Averaging analysis on a semi-active inerter–based suspension system with relative-acceleration–relative-velocity control

Abstract

The semi-active inerter–based suspension system with a semi-active inerter is proposed in this article to improve the dynamic performance of the passive one. The fluid inerter is used to implement the semi-active inerter and has two adjustable inertances: the maximum and minimum inertances. Based on the relative acceleration and relative velocity between the unsprung mass and sprung mass of the suspension system, and combined with the mechanical property of the semi-active inerter, the relative-acceleration–relative-velocity control strategy is proposed and has two different types: relative-acceleration–relative-velocity+− and relative-acceleration–relative-velocity−+ control strategies, respectively.

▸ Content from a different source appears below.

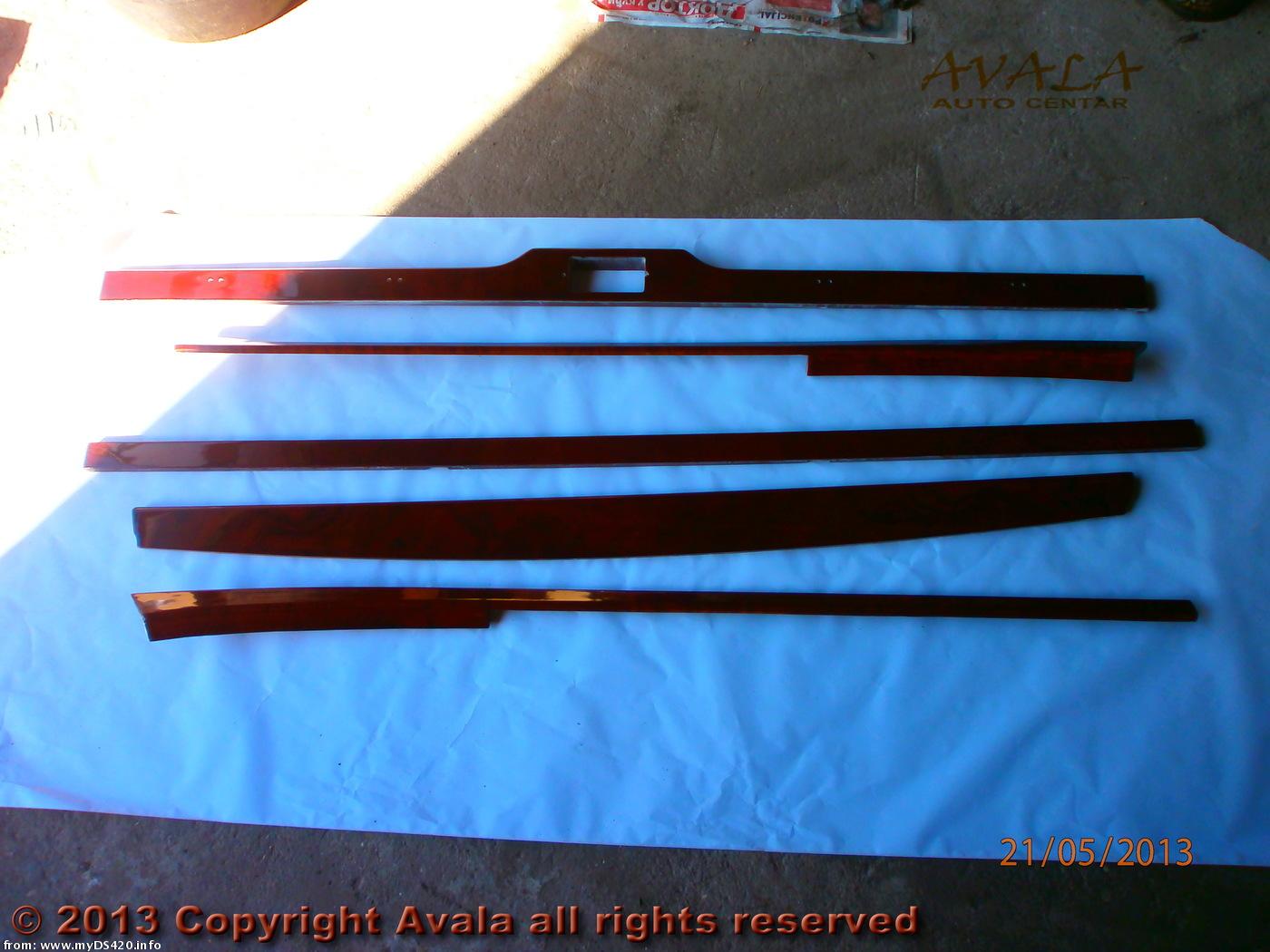 Many pieces of woodwork, re-venereed. The long piece in the middle is unique for cars with electric division. It is the division window sill. Cars with manually operated division windows (sliding) don't have it.
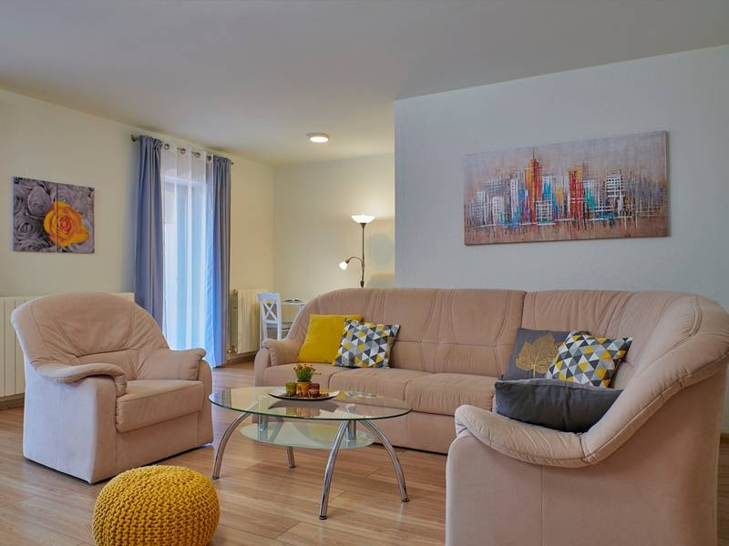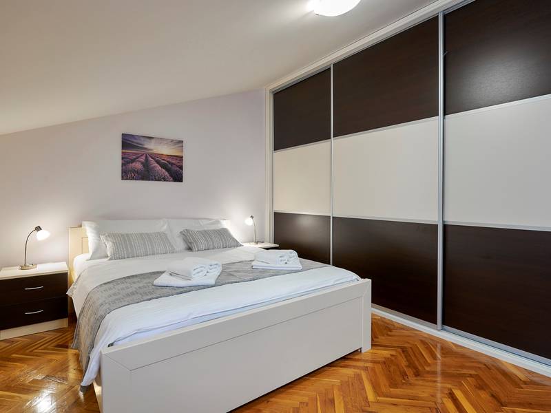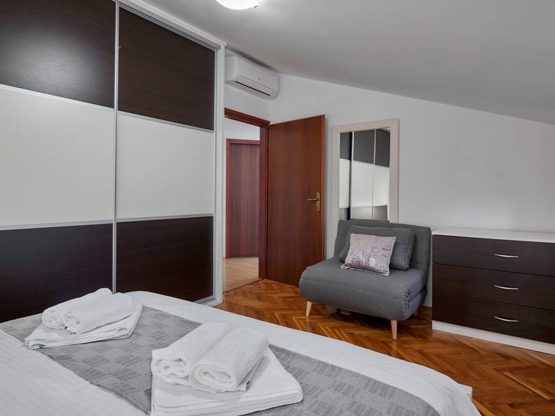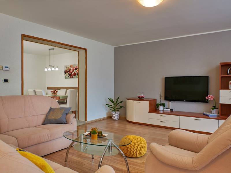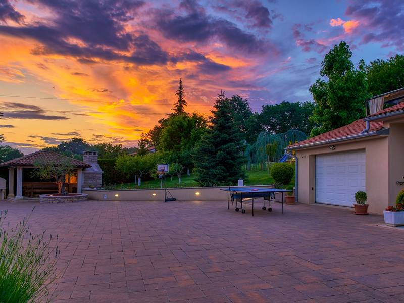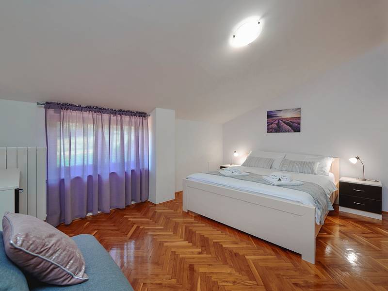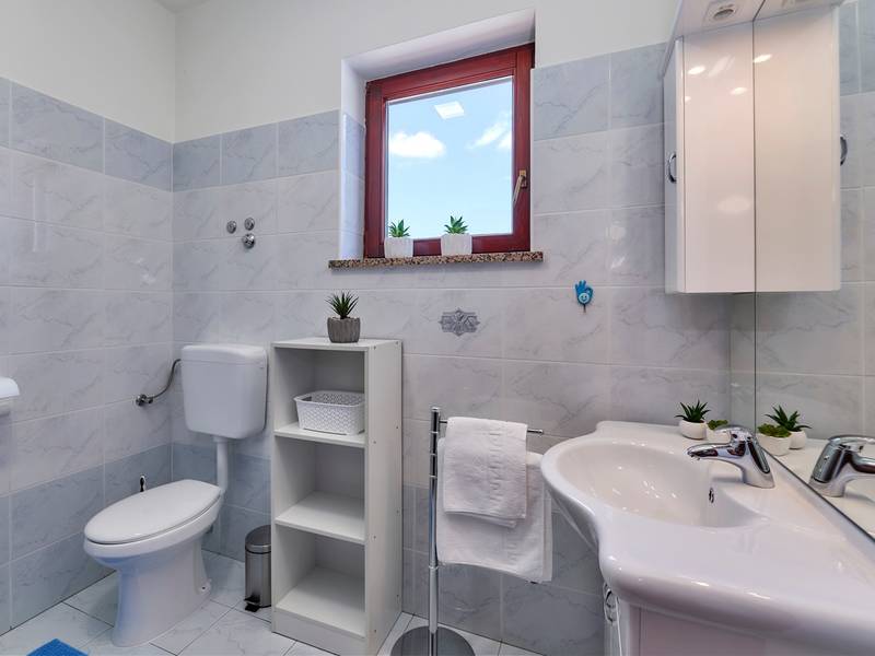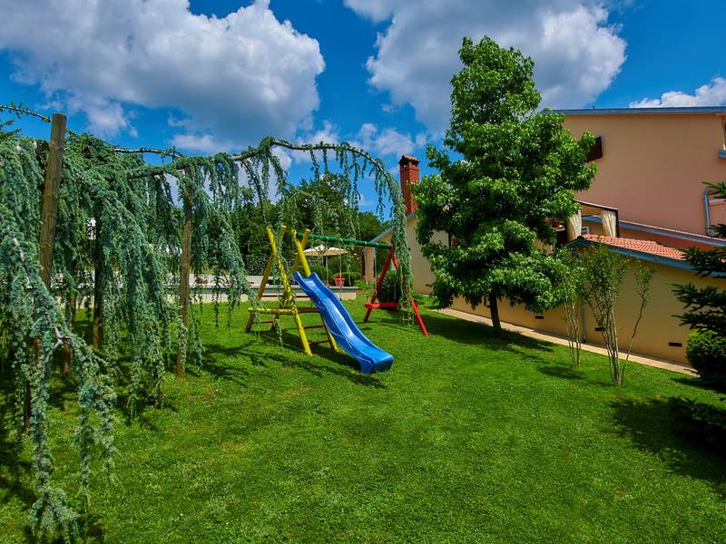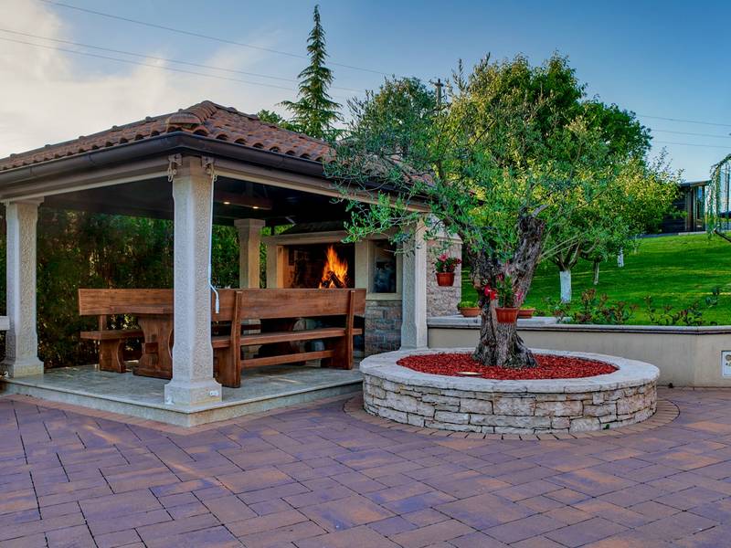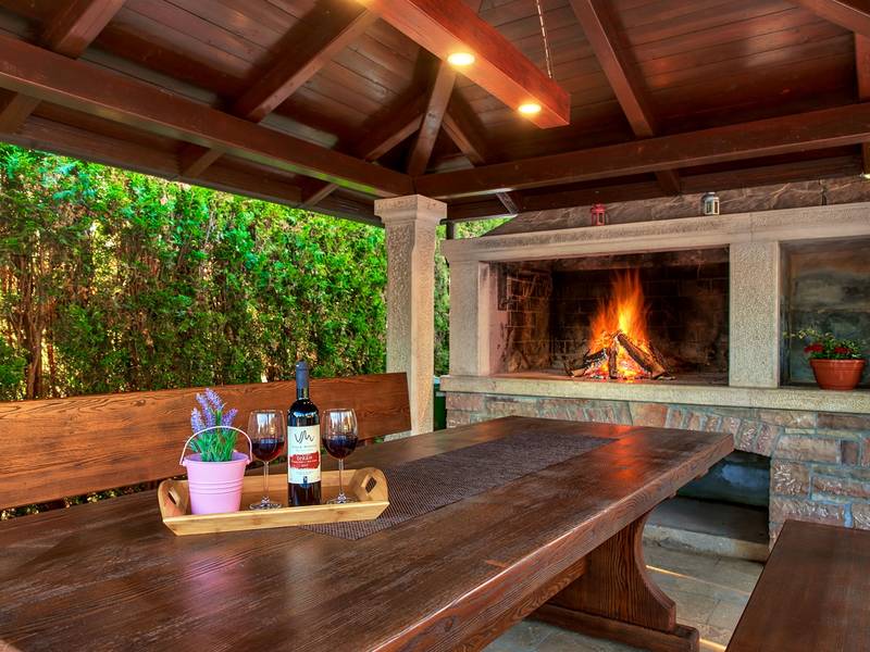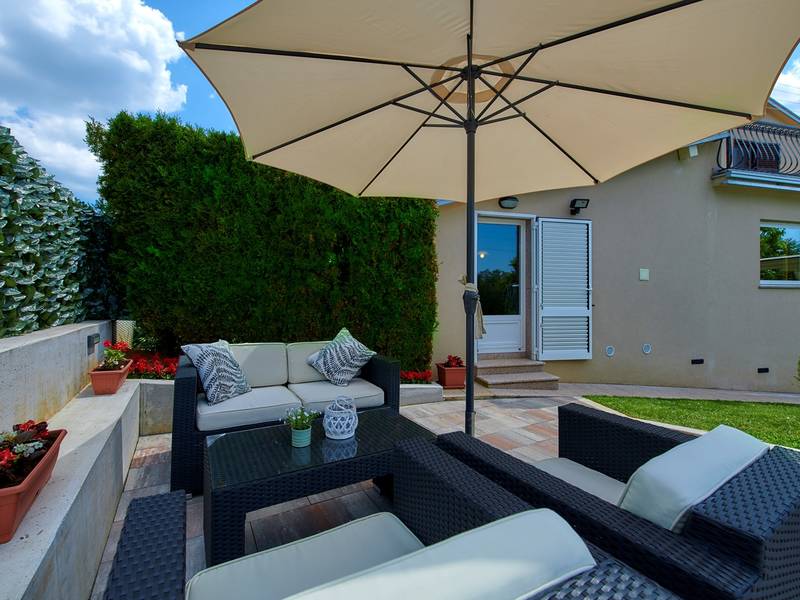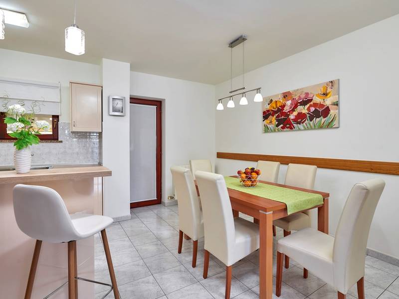 Das Ferienhaus Mikela liegt im Zentrum Istriens, im ruhigen Dorf Žbrlini in der Nähe von Pazin, und bietet Privatsphäre, Komfort und ausgezeichnete Annehmlichkeiten für Familien und Aktivreisende. Der vollständig umzäunte, 1.100 m2 große Garten bietet Sicherheit und Abgeschiedenheit und verfügt über einen privaten 32 m2 großen Außenpool mit Liegestühlen, Sonnenschirmen und hochwertigen Gartenmöbeln. Eine überdachte Terrasse mit einem Außenkamin bietet den perfekten Rahmen für Grillabende und entspannte Abende. Auf dem Grundstück befinden sich zahlreiche Freizeiteinrichtungen wie eine Schaukel, eine Rutsche, ein Basketballkorb, Tischtennis, Tischfußball und Darts. Das Haus erstreckt sich über zwei Etagen. Im Erdgeschoss befinden sich ein Wohnzimmer, eine Küche, ein Badezimmer, eine überdachte Terrasse und eine zusätzliche Küche mit einem großzügigen Aufenthaltsbereich mit direktem Zugang zum Pool. Im Obergeschoss befinden sich drei Schlafzimmer (zwei Doppel- und ein Zweibettzimmer), ein Badezimmer und eine Terrasse mit Blick auf den Pool und die Grünanlagen. Es bietet Platz für bis zu 8 Gäste (6+2). Alle Zimmer sind klimatisiert und mit Moskitonetzen ausgestattet. Im Erdgeschoss befindet sich eine kleine Familiendruckerei, die morgens geöffnet ist, und der überwachte Parkplatz wird während dieser Zeit mitbenutzt. In der Nähe befinden sich Rad- und Wanderwege, Weingüter, landwirtschaftliche Betriebe, Reitmöglichkeiten und die nur 6 km entfernte Erlebnishöhle Pazin.

The relative-acceleration–relative-velocity+− control strategy means adjusting the inertance of the semi-active inerter to the maximum one when the signs of relative acceleration and relative velocity are the same, and to the minimum one when the signs are the opposite, and the meaning of relative-acceleration–relative-velocity−+ control strategy does the reverse. The dynamic response of the semi-active inerter–based suspension system with the relative-acceleration–relative-velocity control strategy is obtained using the averaging method, and its dynamic performance is evaluated using three performance indices: vehicle body acceleration, dynamic tire load, and suspension system stroke. The results show that the semi-active inerter–based suspension system with the relative-acceleration–relative-velocity+− control strategy can have a better dynamic performance for the dynamic tire load and suspension system stroke in which the low-frequency and high-frequency resonance peaks can be smaller, but is poor for the vehicle body acceleration in which the high-frequency resonance peak can be significantly larger; whereas the relative-acceleration–relative-velocity−+ control strategy does the reverse. For smaller maximum and minimum inertances, the relative-acceleration–relative-velocity+− and relative-acceleration–relative-velocity−+ control strategies can achieve the corresponding better performance indices, with a small degeneration for the other performance indices.